- Try it -
Everything in the records below should be printed exactly, except the pictures.

━━━━━━

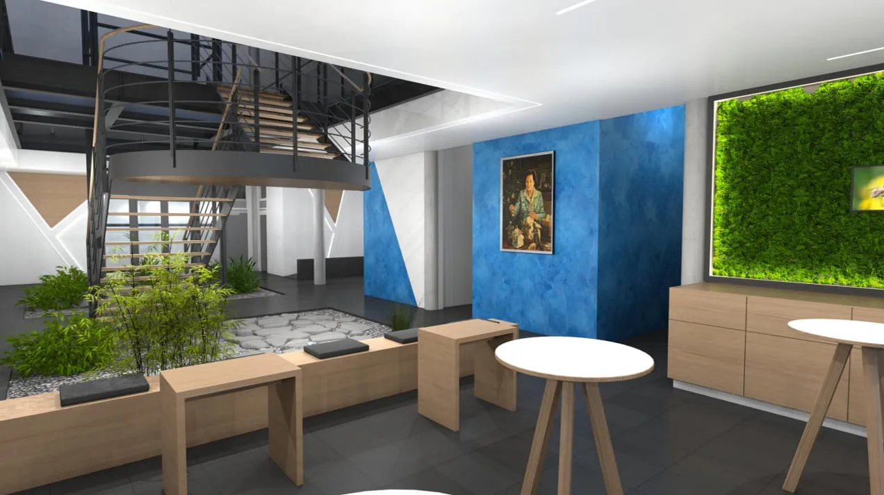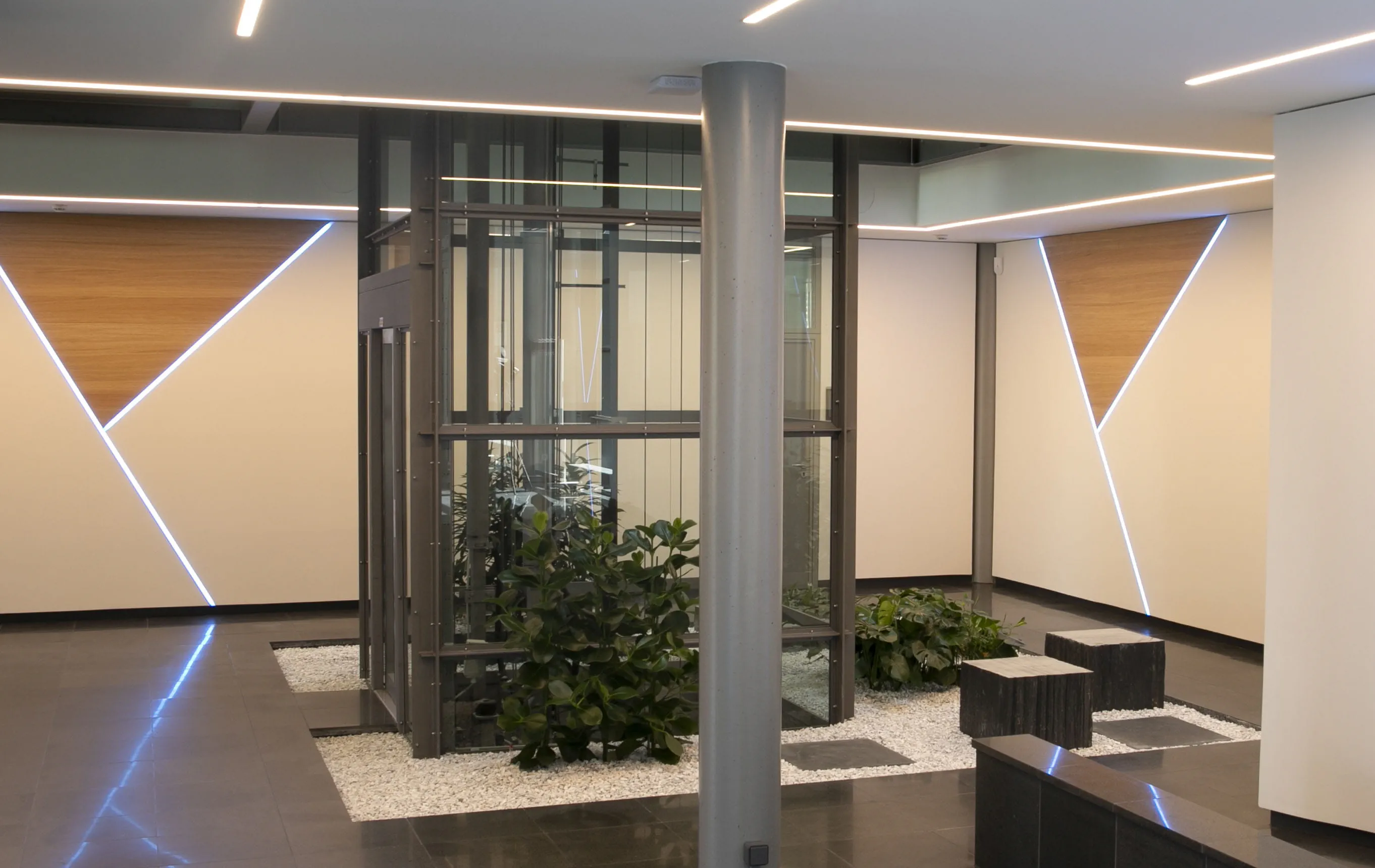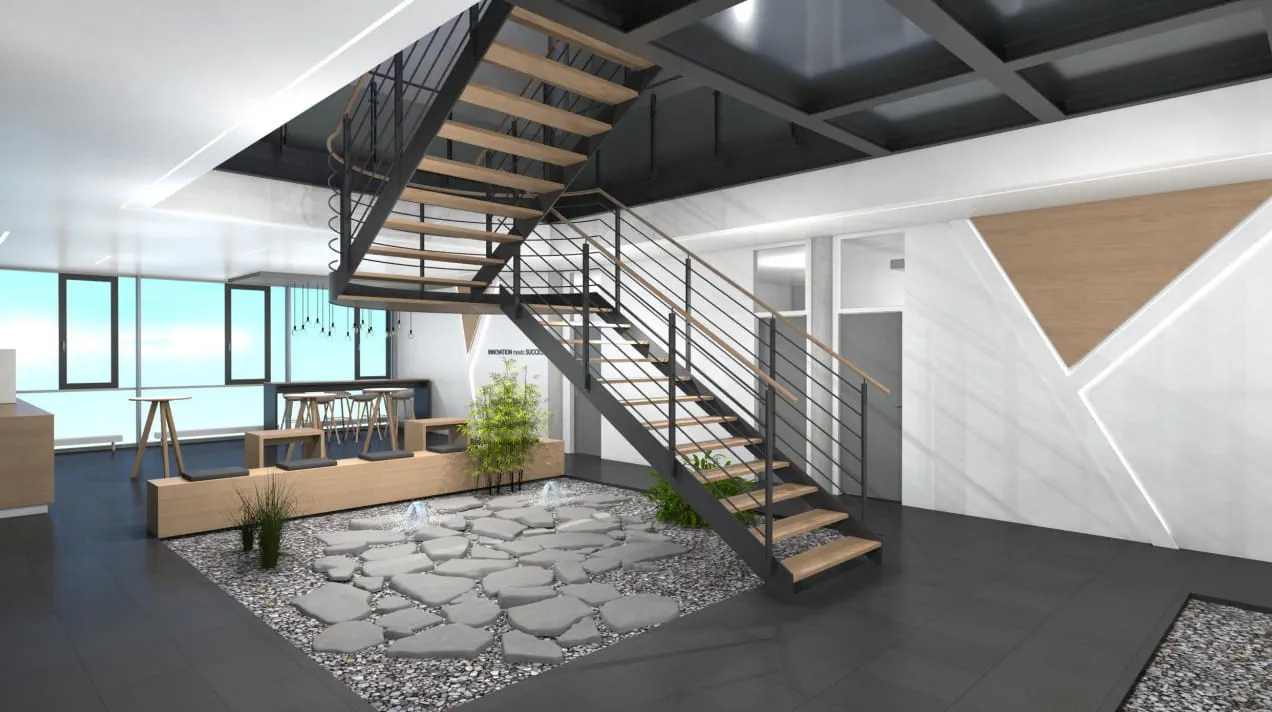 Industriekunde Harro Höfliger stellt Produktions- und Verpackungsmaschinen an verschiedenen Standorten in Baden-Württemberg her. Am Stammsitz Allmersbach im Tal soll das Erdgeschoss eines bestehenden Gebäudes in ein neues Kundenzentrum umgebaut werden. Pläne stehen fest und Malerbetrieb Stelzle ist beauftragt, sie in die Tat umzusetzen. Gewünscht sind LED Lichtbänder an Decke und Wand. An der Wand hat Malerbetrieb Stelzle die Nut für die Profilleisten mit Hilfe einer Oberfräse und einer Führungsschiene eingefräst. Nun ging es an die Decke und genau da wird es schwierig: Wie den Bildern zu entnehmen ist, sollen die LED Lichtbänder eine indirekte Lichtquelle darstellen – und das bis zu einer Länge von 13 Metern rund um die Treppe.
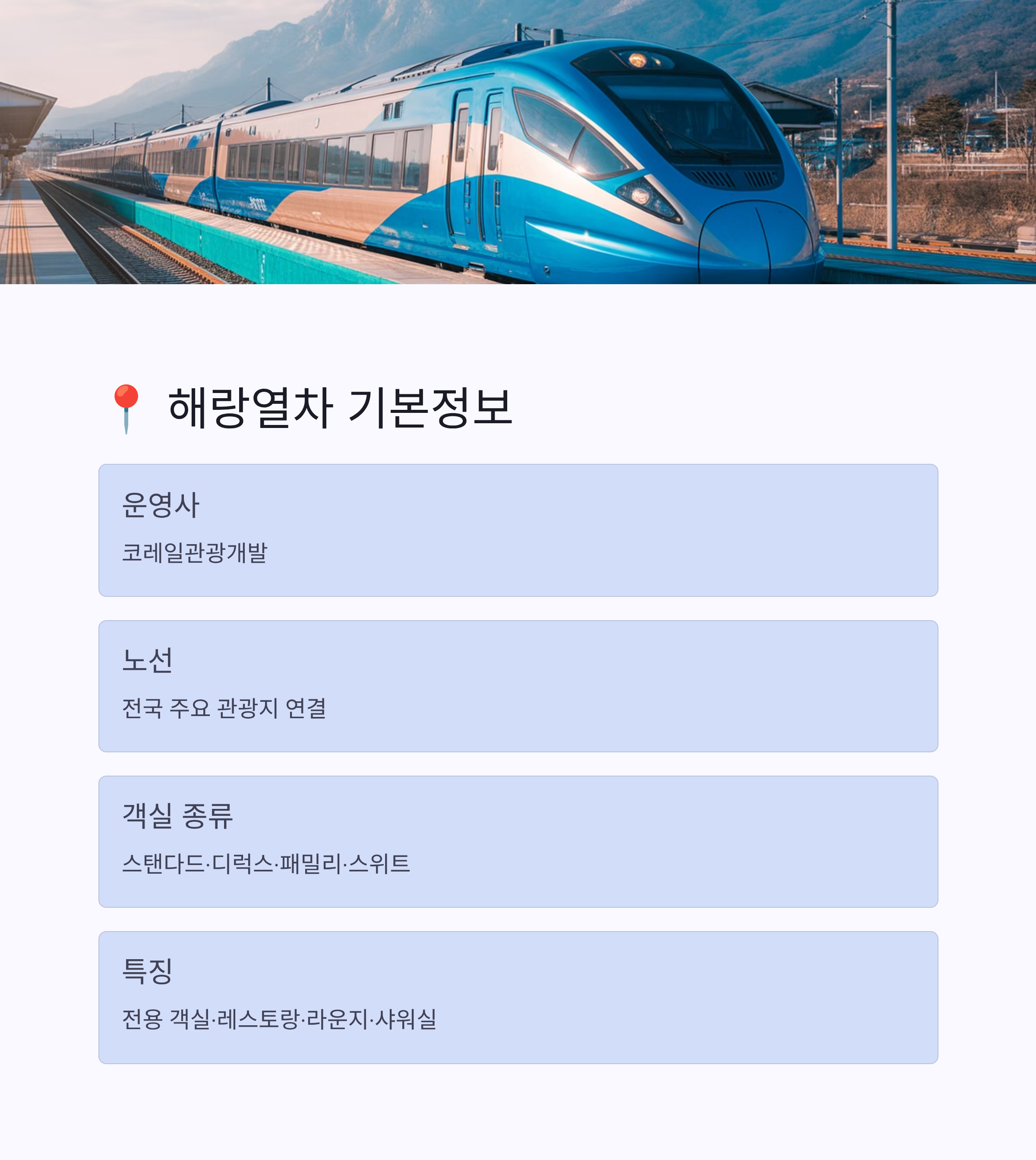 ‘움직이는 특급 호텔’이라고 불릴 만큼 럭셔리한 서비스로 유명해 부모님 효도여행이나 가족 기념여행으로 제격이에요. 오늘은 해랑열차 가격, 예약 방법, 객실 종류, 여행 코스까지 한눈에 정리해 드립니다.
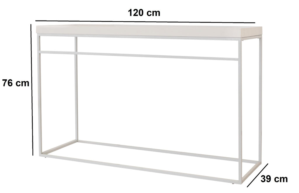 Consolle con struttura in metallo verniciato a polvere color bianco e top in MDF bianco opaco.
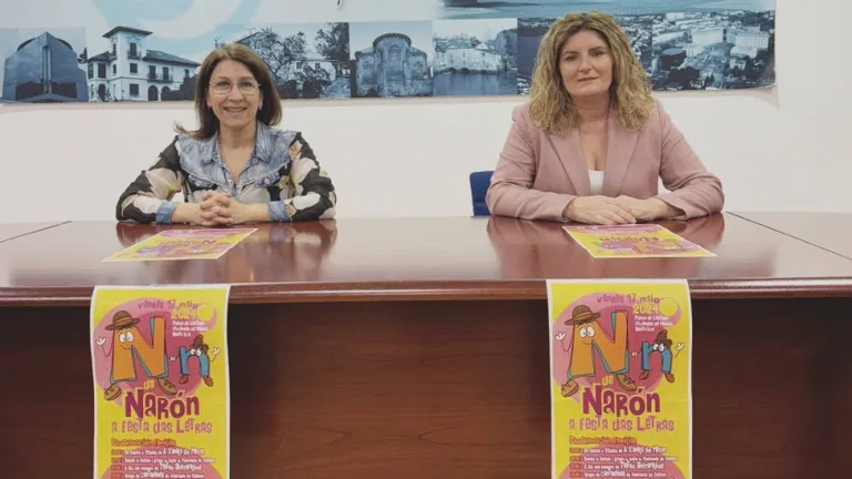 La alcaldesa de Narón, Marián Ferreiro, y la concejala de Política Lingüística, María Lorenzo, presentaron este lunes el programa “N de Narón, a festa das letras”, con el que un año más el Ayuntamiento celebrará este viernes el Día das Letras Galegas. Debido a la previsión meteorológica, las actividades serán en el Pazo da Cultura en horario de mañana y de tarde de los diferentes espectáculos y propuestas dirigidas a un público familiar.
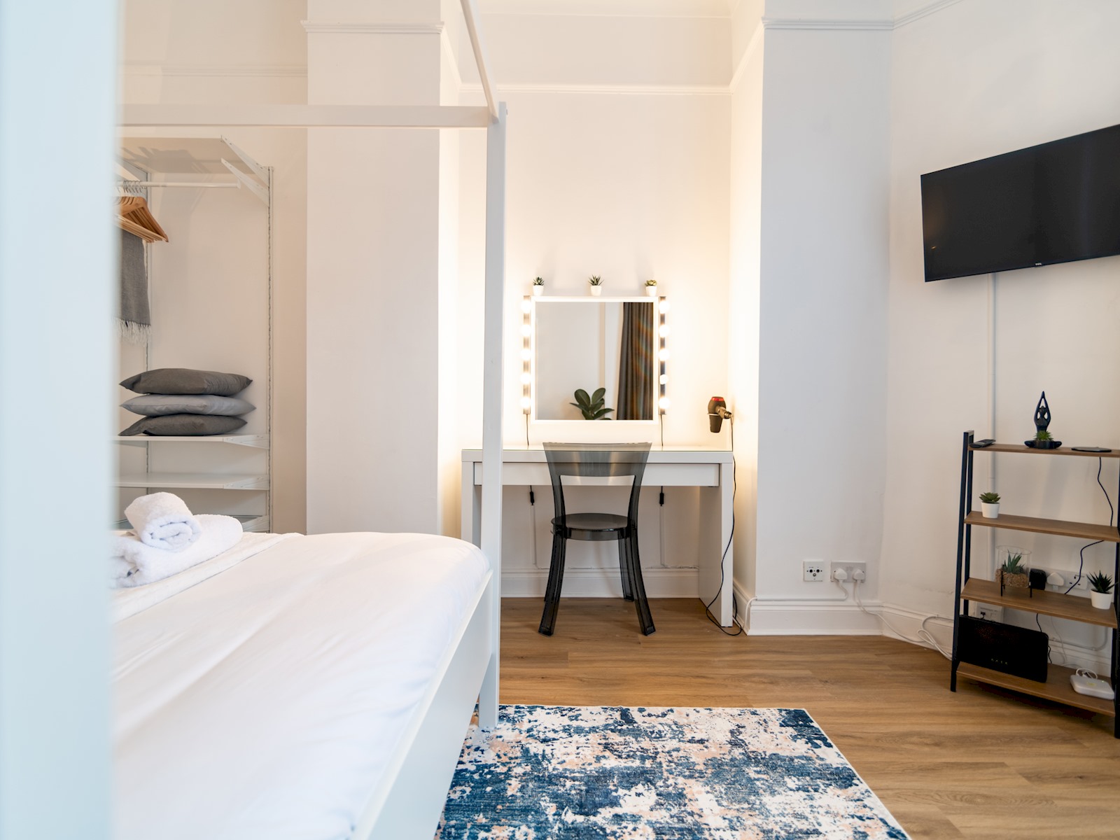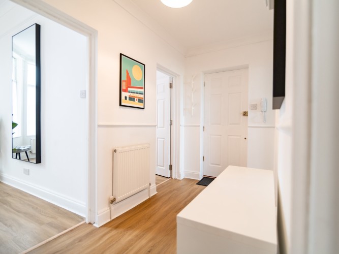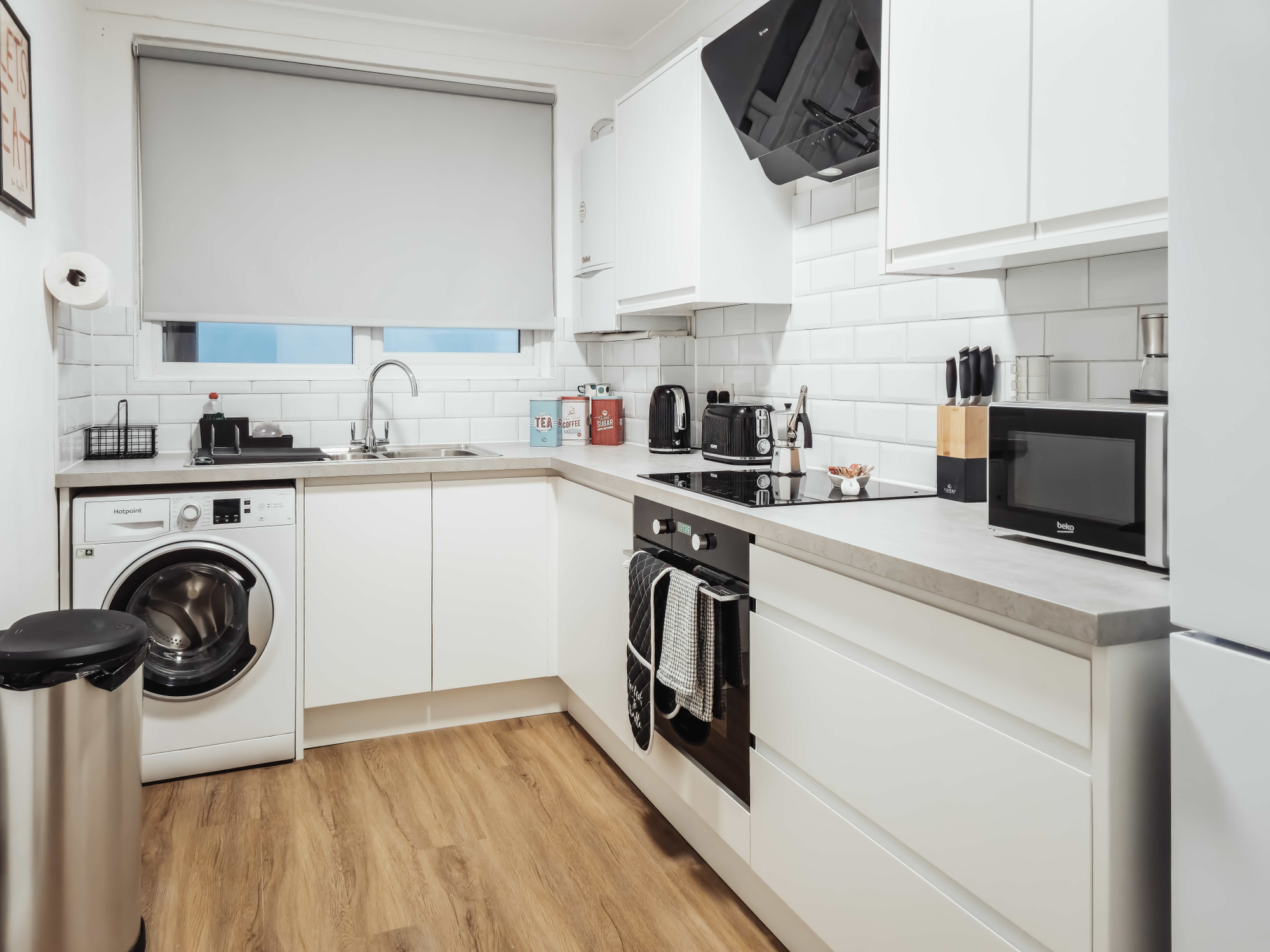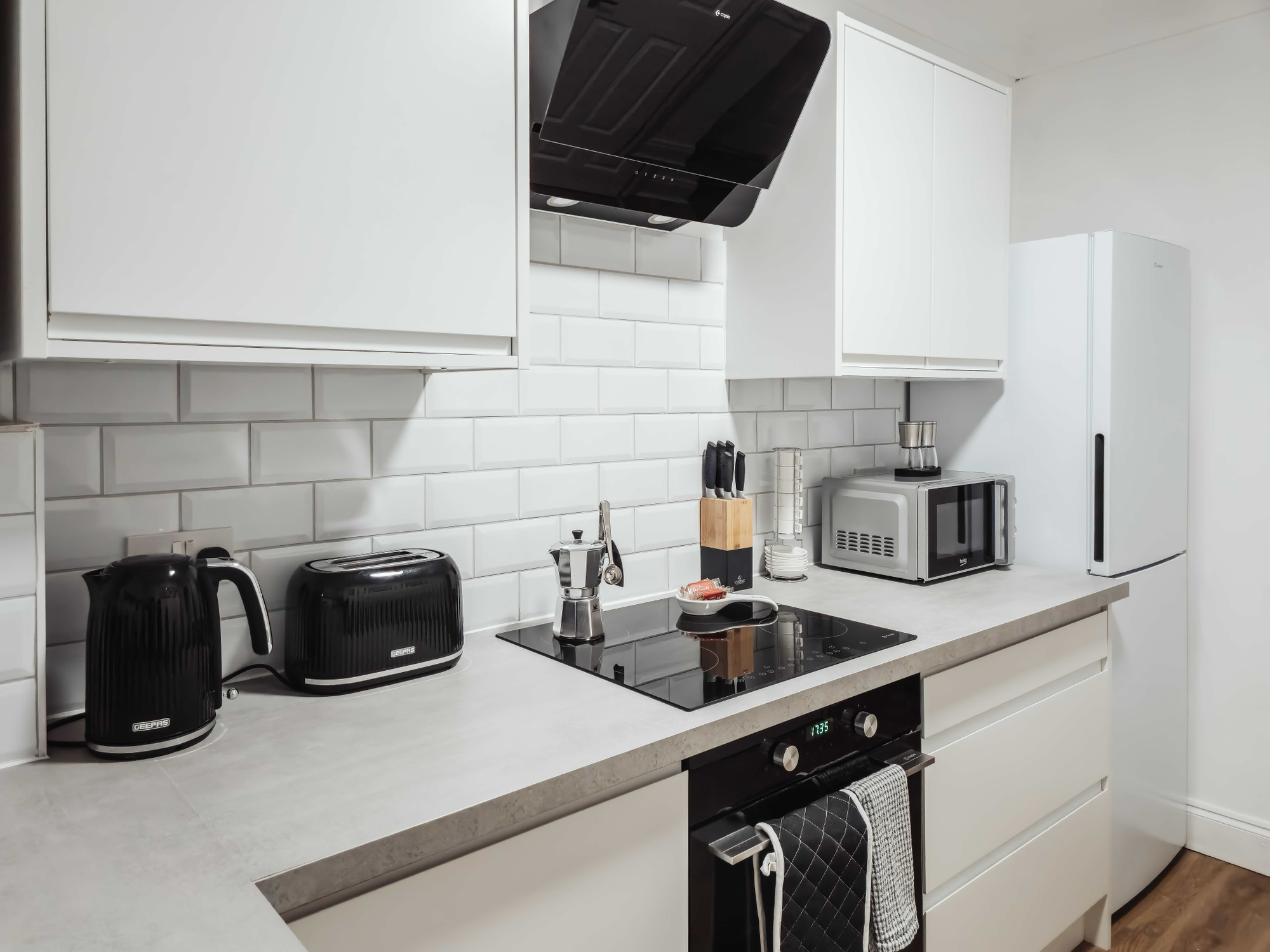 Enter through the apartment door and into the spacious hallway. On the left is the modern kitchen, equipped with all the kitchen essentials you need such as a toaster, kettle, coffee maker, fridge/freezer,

━━━━━━

- Final answer -
 Industriekunde Harro Höfliger stellt Produktions- und Verpackungsmaschinen an verschiedenen Standorten in Baden-Württemberg her. Am Stammsitz Allmersbach im Tal soll das Erdgeschoss eines bestehenden Gebäudes in ein neues Kundenzentrum umgebaut werden. Pläne stehen fest und Malerbetrieb Stelzle ist beauftragt, sie in die Tat umzusetzen. Gewünscht sind LED Lichtbänder an Decke und Wand. An der Wand hat Malerbetrieb Stelzle die Nut für die Profilleisten mit Hilfe einer Oberfräse und einer Führungsschiene eingefräst. Nun ging es an die Decke und genau da wird es schwierig: Wie den Bildern zu entnehmen ist, sollen die LED Lichtbänder eine indirekte Lichtquelle darstellen – und das bis zu einer Länge von 13 Metern rund um die Treppe.
 ‘움직이는 특급 호텔’이라고 불릴 만큼 럭셔리한 서비스로 유명해 부모님 효도여행이나 가족 기념여행으로 제격이에요. 오늘은 해랑열차 가격, 예약 방법, 객실 종류, 여행 코스까지 한눈에 정리해 드립니다.
 Consolle con struttura in metallo verniciato a polvere color bianco e top in MDF bianco opaco.
 La alcaldesa de Narón, Marián Ferreiro, y la concejala de Política Lingüística, María Lorenzo, presentaron este lunes el programa “N de Narón, a festa das letras”, con el que un año más el Ayuntamiento celebrará este viernes el Día das Letras Galegas. Debido a la previsión meteorológica, las actividades serán en el Pazo da Cultura en horario de mañana y de tarde de los diferentes espectáculos y propuestas dirigidas a un público familiar.
 Enter through the apartment door and into the spacious hallway. On the left is the modern kitchen, equipped with all the kitchen essentials you need such as a toaster, kettle, coffee maker, fridge/freezer,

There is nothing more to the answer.